This would qualify as happy news for me and a quick lesson for you, who is perhaps a Thriving Practitioner or other business person. After about 2 years my application for a Registered Trademark has finally been accepted by the US Patents and Trademark Office (USPTO). I get to use the ®! Well….after my graphic designer comes up for some air and can add it, but it’s now legal. How is this important? Keeping in mind that I’m not an attorney but rather, like you, I am looking to move forward here’s what I’ve learned in the past several years about trademarks.

Have you ever had that experience of seeing something in production or on Shark Tank and thinking to yourself, “but that’s my idea!” Nope, not yours unless you got to the USPTO first. You don’t have to register your trademark (otherwise known as a mark) but as one writer put it, “So why haven’t you filed for a federal registration with the U.S. Patent and Trademark Office? Are you just waiting to get into a trademark battle without the assistance of a federal registration for your trademark? If so, allow me to paraphrase Sean Connery from the Untouchables–that’s like taking a knife to a gun fight.” (Matthew Swyers, “3 Reasons to Protect Your Trademarks Now”,

Our ideas and trademarks (which many of us would consider our logo or those graphics we use to identify ourselves) are great and wonderful as well as a method for people to find us with. People may forget the name but in all likelihood will recognize the graphic; think the Nike swish or the AT&T ribbon globe. Its also useful on social media if you’re doing social media.

The USPTO gives us some great reasoning for filing: “…owning a federal trademark registration on the Principal Register provides several advantages, e.g., constructive notice to the public of the registrant’s claim of ownership of the mark;
* constructive notice to the public of the registrant’s claim of ownership of the mark;
* a legal presumption of the registrant’s ownership of the mark and the registrant’s exclusive right to use the mark nationwide on or in connection with the goods and/or services listed in the registration;
* the ability to bring an action concerning the mark in federal court;
* the use of the U.S registration as a basis to obtain registration in foreign countries; and
* the ability to file the U.S. registration with the U.S. Customs Service to prevent importation of infringing foreign goods.”

Protection is usually a good thing and it might be worth your time to investigate further if this is something you think might be useful to you. There are lots of intellectual property attorneys out there who would be happy to help you do this. Although I found 2 references discussing how filing registration for a mark is “a bargain to obtain” this might not always be the case. If you go with an attorney (and I’m glad I did!) they walk you through the parts you need to do and manage the parts you might not know how to do. You won’t have the benefit of the wisdom an experienced guide brings to the process if you do it on your own. Mind you this is coming from someone who relied on the assistance of the nice people at the Department of State (NY) to file her own P.C. and LLC – I’m all about DIY when possible!

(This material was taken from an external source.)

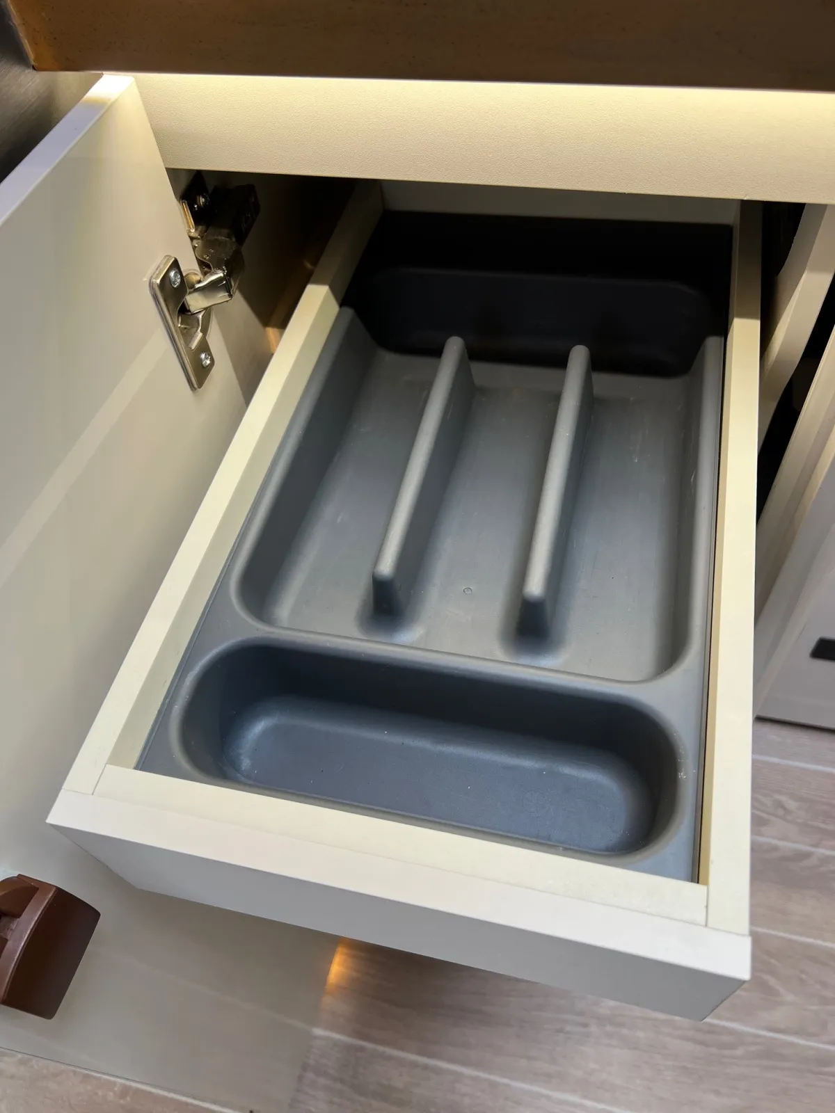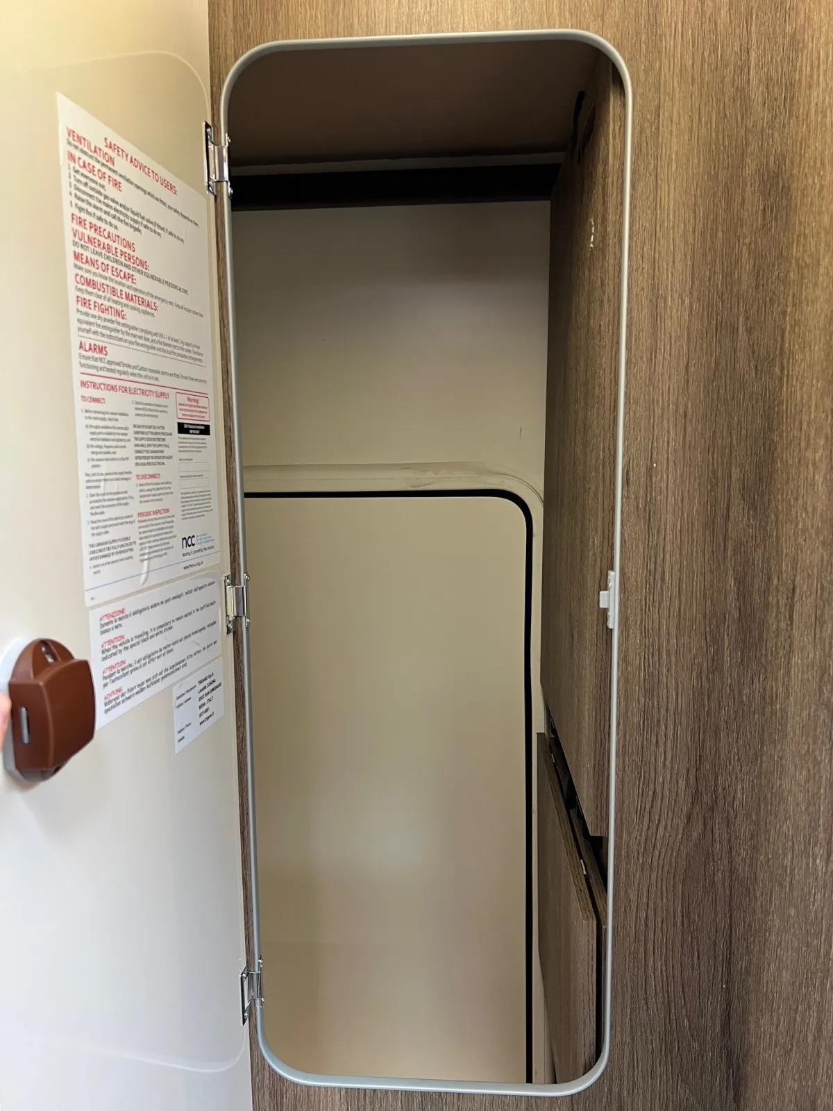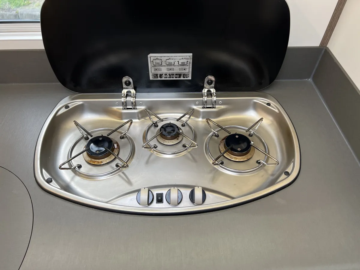 Inside, the layout is cleverly designed to maximize space and comfort. The lounge features swivel cab seats and a dinette that converts into a double bed, while an electric drop-down bed offers a second sleeping area without compromising daytime living. The kitchen is fully equipped with a three-burner gas hob, oven, grill, fridge/freezer, and generous worktop space.

Another advantage is that a mark is an asset. Assets have value. Value is good. Does more need to be said?

I’ve discussed in the past about how great my office suite mates are and this is one of those times when having cross pollination of ideas, professions and perspectives enriched my day. Having heard Carol Desmond (with Gonzalez and Oberlander) talk about her work as an Intellectual Property Specialist over lunch for a number of years I was able to go into this journey with a good understanding of the value of registering a mark; Carol and Andy Gonzalaz made the process as smooth as possible. Thanks Carol and Andy!